The Post first reported on the memo’s existence in September, as it
was being circulated among military and national security officials.
Several officials who read the report described its conclusions as grim.

But the contents have not previously been made public. Read as a
complete assessment, it paints a stark portrait of a failed province
and of the country’s Sunnis — once dominant under Saddam Hussein –
now desperate, fearful and impoverished. They have been increasingly
abandoned by religious and political leaders who have fled to
neighboring countries, and other leaders have been assassinated. And
unlike Iraq’s Shiite majority, or Kurdish groups in the north, the
Sunnis are without oil and other natural resources. The report notes
that illicit oil trading is providing millions of dollars to al-Qaeda
while “official profits appear to feed Shiite cronyism in Baghdad.”

As a result, “the potential for economic revival appears to be
nonexistent” in Anbar, the report says. The Iraqi government,
dominated by Iranian-backed Shiites, has not paid salaries for Anbar
officials and Iraqi forces stationed there. Anbar’s resources and its
ability to impose order are depicted as limited at best.

“Despite the success of the December elections, nearly all government
institutions from the village to provincial levels have disintegrated
or have been thoroughly corrupted and infiltrated by Al Qaeda in
Iraq,” or a smattering of other insurgent groups, the report says.

The five-page report — written by Col. Peter Devlin, a senior and
seasoned military intelligence officer with the Marine Expeditionary
Force — is marked secret, for dissemination to U.S. and allied
troops in Iraq only. It does not appear to have been made available
to Iraqi national forces fighting alongside Americans.

The report, “State of the Insurgency in Al-Anbar,” focuses on
conditions in the province that is home to 1.25 million Iraqis, most
of whom live in violence-ridden towns such as Fallujah, Haditha, Hit,
Qaim and Ramadi.

Devlin wrote that attacks on civilians rose 57 percent between
February and August of this year. “Although it is likely that attack
levels have peaked, the steady rise in attacks from mid-2003 to 2006
indicates a clear failure to defeat the insurgency in al-Anbar.”

Devlin suggested that without the deployment of an additional U.S.
military division — 15,000 to 20,000 troops — plus billions of
dollars in aid to the province, “there is nothing” U.S. troops “can
do to influence” the insurgency.

He described al-Qaeda in Iraq as the “dominate organization of
influence in al-Anbar,” surpassing all other groups, the Iraqi
government and U.S. troops “in its ability to control the day-to-day
life of the average Sunni.”

Al-Qaeda itself, now an “integral part of the social fabric of
western Iraq,” has become so entrenched, autonomous and financially
independent that U.S. forces no longer have the option “for a
decapitating strike that would cripple the organization,” the report
says. That is why, it says, the death of al-Qaeda in Iraq leader Abu
Musab al-Zarqawi in June “had so little impact on the structure and
capabilities of al-Qaeda,” especially in Anbar province.

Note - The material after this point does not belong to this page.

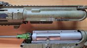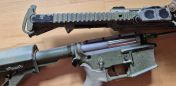 Zudem ist der Typische Griff, Stock Schalldämpfer und Charginghandle verbaut.
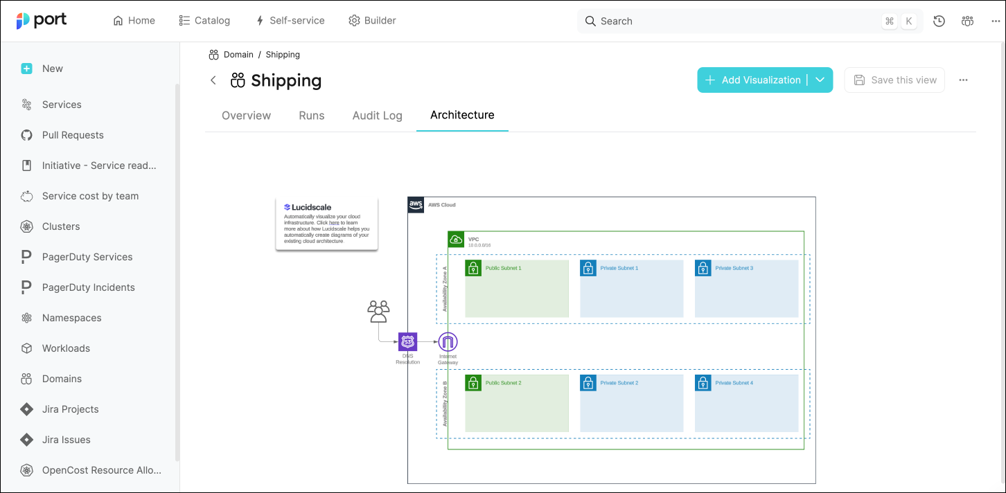 In this example we are embedding a Datadog dashboard in order to get application metrics directly inside Port.

The senior intelligence official, who spoke on the condition of
anonymity because of the sensitivity of his work, said yesterday that
he largely agrees with Devlin’s assessment, except that he thinks it
overstates the role of al-Qaeda in the province. “We argue that it is
a major element in Anbar, but it is not the largest or most dominant
group,” he said.

In a final section of the report, titled “Way Ahead,” Devlin outlined
several possibilities for bringing stability to the area, including
establishing a Sunni state in Anbar, creating a local paramilitary
force to protect Sunnis and to offset Iranian influence, shifting
local budget controls, and strengthening a committed Iraqi police
force that has “proven remarkably resilient in most areas.”

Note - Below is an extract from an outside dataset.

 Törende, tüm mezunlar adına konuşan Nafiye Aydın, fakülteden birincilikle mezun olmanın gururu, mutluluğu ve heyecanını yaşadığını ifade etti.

Devlin ended the assessment by saying that while violence has surged,
the presence of U.S. troops in Anbar has had “a real suppressive
effect on the insurgency.” He said the suffering of “Anbar’s citizens
undoubtedly would be far worse now if it was not for the very
effective efforts” of U.S. forces.

The Marine Corps headquarters had no comment on the August report or
the updated assessment, Lt. Col. Scott J. Fazekas, a spokesman, said
yesterday.

Staff researcher Julie Tate contributed to this report.